The extent and intricacy of a qualification exercise are often connected to the complexity of the equipment in question and the essential role that equipment plays in ensuring the quality of the final product.
Installation and operational qualification exercises guarantee, through suitable performance tests and accompanying documentation, that the equipment, along with its ancillary systems and sub-systems, has been properly commissioned.
As a result, all subsequent operations will be dependable and adhere to the specified operating limits.
The basic principles are:
- Equipment must be installed properly in accordance with the installation plan.
- Calibration, maintenance, and cleaning requirements should be addressed in approved Standard Operating Procedures (SOPs).
- Tests must be performed to ensure that the equipment is functioning correctly under both normal and “worst case” scenarios.
- Training requirements for operators regarding new equipment must be carried out and documented.
At different phases of a validation process, it is essential to have protocols, documentation, procedures, equipment, specifications, and acceptance criteria for test outcomes. All of these elements must be reviewed, verified, and approved. It is anticipated that representatives from relevant professional fields, such as engineering, research and development, manufacturing, quality control, and quality assurance, will be actively engaged in these activities, with the ultimate authorization provided by a validation team or the quality assurance representative.
Installation Qualification (IQ):
The Installation Qualification (IQ) is a process that confidently verifies that all primary processing, packaging equipment, and associated systems comply with installation specifications, equipment manuals, schematics, and engineering drawings. This validation phase encompasses the assessment of equipment design, as well as the identification of calibration, maintenance, and adjustment needs.
In cases involving complex or large equipment, a pharmaceutical manufacturer may choose to perform a pre-delivery inspection of the equipment at the supplier’s assembly site. It is important to note that this pre-delivery inspection does not replace the installation qualification. Nonetheless, it is recognized that the inspections carried out and documented at this stage may overlap with several of the inspections performed during the IQ phase, potentially resulting in a reduction of the IQ inspection scope.
All equipment, gauges, and services must be properly identified and assigned a serial number or another reference number. This identifier should be included in the reports for the equipment validation studies that are conducted.
The installation qualification necessitates a formal and systematic evaluation of all installed equipment against the specifications provided by the equipment supplier, along with any additional criteria specified by the user as part of the purchasing specifications. These evaluations, tests, and challenges should be repeated multiple times to ensure reliable and significant outcomes.
During the IQ phase, the company is required to document the preventive maintenance needs for the installed equipment. The preventive maintenance plan should be integrated into the regular maintenance schedule.
Operational Qualification (OQ):
The execution of an operational qualification must adhere to an approved protocol. At the OQ stage, the essential operating parameters for the equipment and systems need to be determined.

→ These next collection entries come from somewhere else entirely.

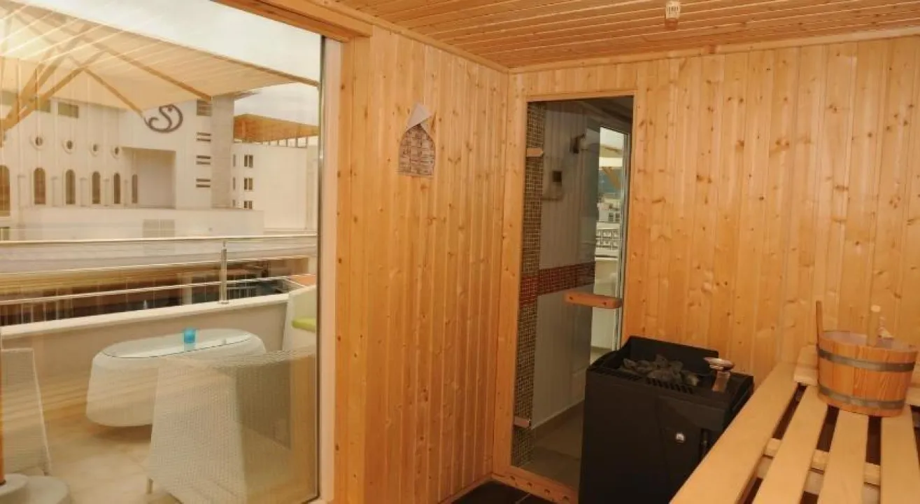 Sunčana terasa je odlično mesto za provođenje vremena. Vruća kada u okviru bazena obećava čistu relaksaciju. Različite wellness opcije su dostupne u hotelu, uključujući spa centar, saunu, hamam, masažne tretmane i solarijum.
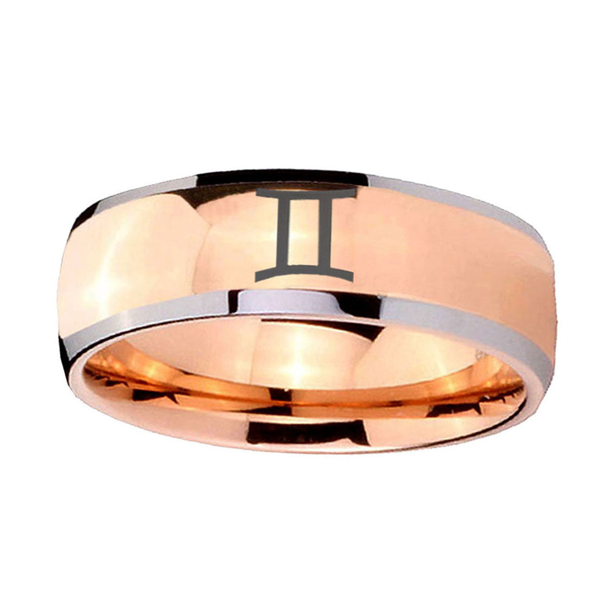 Introuding 5, 8mm Gemini Zodiac Dome Rose Gold Tungsten Carbide Wedding Engraving Ring . Offer in both 5mm and 8mm band width two tone rose gold plated fnished from size 4 to 14
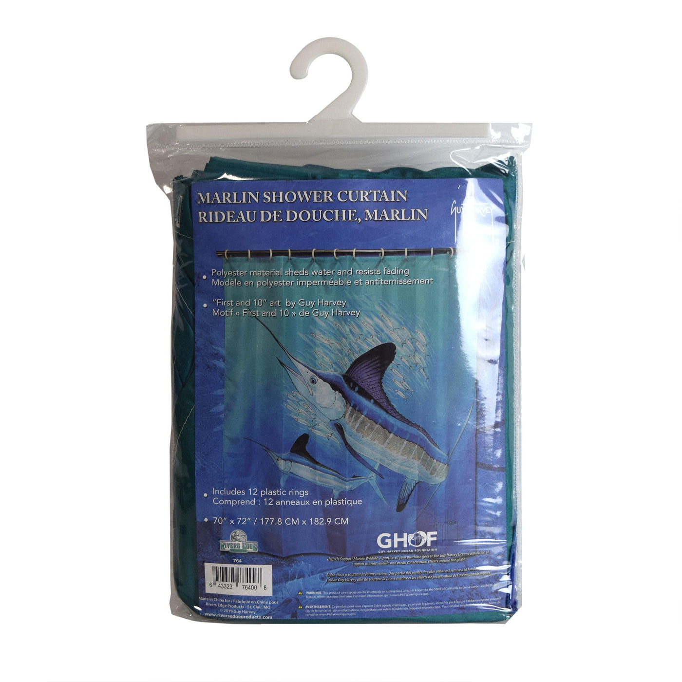 - Q: What design is featured on the shower curtain? A: The shower curtain features captivating artwork by Guy Harvey, specifically the First and 10 design, showcasing beautiful marine life.
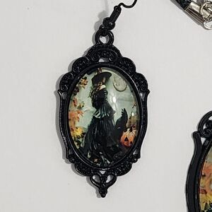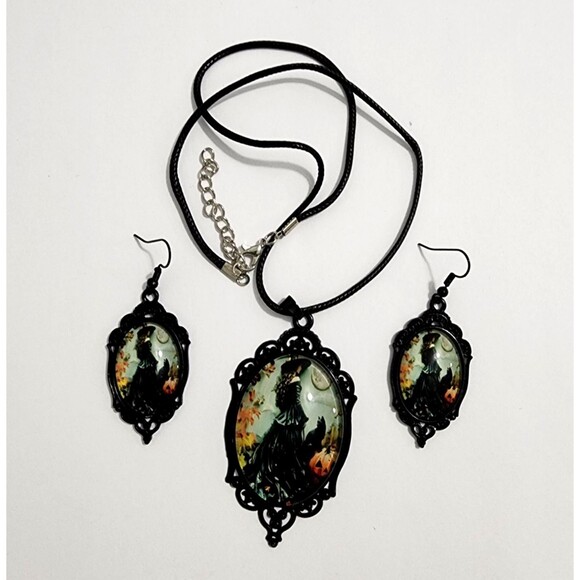 Goth Witch Portrait Necklace & Earrings Cabochon Pendant Corded Photo Glass Dome
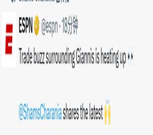 名記Shams在今天的節(jié)目上帶來了字母哥交易的最新動態(tài)——
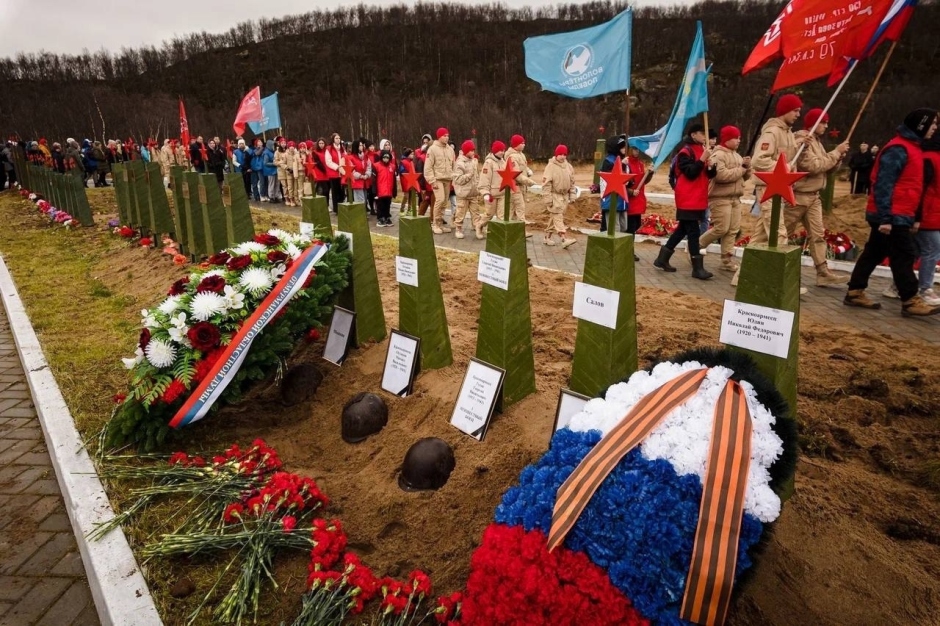 Волонтёры Победы Мурманской области приняли участие в траурном митинге и церемонии захоронения 134 советских воинов, павших в годы Великой Отечественной Войны в Заполярье.
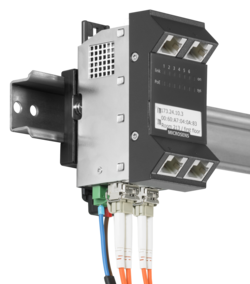 Due to its wide range of versions, it can be equipped with the required power supply (48VDC / 24VDC / 230VAC), the connection to the respective fiber optic network is made via flexible SFP transceivers. Due to its extremely compact design and the DIN rail adapter, its location can be flexibly selected from small distribution boxes up to control cabinets.
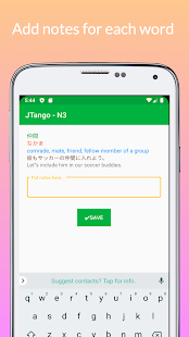 Japanese language learning app JTango N3 Tango 2000 with JLPT N3 Vocabulary from book は じ め て の 日本語 能力 試 験 N3 単 語 2000 (2000 Essential Vocabulary for the JLPT N3) (2000 tango N3).
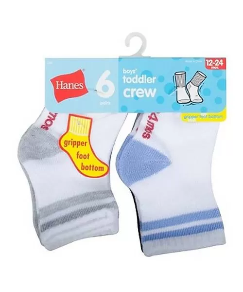 Information:Toddlers on the go will love these crew socks with non-skid bottoms.Super soft cotton blend with comfy toe seam.EZ Sort® sock matching system makes sorting socks so much easier! Non-skid bottom gives his feet more grip when he’s on the go. Available in a convenient assorted 6-pack.
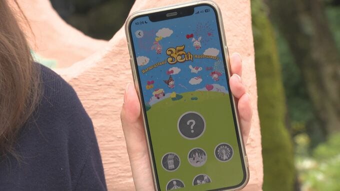 (八尋真梨絵記者)「35周年のイベントはアプリでも楽しむことができます。園内をめぐってキーワードを入力するとデジタルバッジを獲得できます」

The OQ plans should outline the studies to be conducted on the critical variables, the order of these studies, the measuring instruments to be utilized, and the acceptance criteria that must be satisfied.
Research on the essential variables must encompass a specific condition or a series of conditions that include both upper and lower processing and operating limits, commonly referred to as “worst-case” conditions.
The successful completion of an Operational Qualification (OQ) should facilitate the finalization of documentation related to operating procedures and operator instructions for the equipment. This documentation ought to serve as the foundation for training operators on the necessary requirements for the satisfactory operation of the equipment.
The successful completion of both Installation Qualification (IQ) and OQ activities should enable a formal “release” of the equipment for the subsequent phase in the process validation exercise, provided that calibration, cleaning, preventive maintenance, and operator training requirements have been finalized and documented.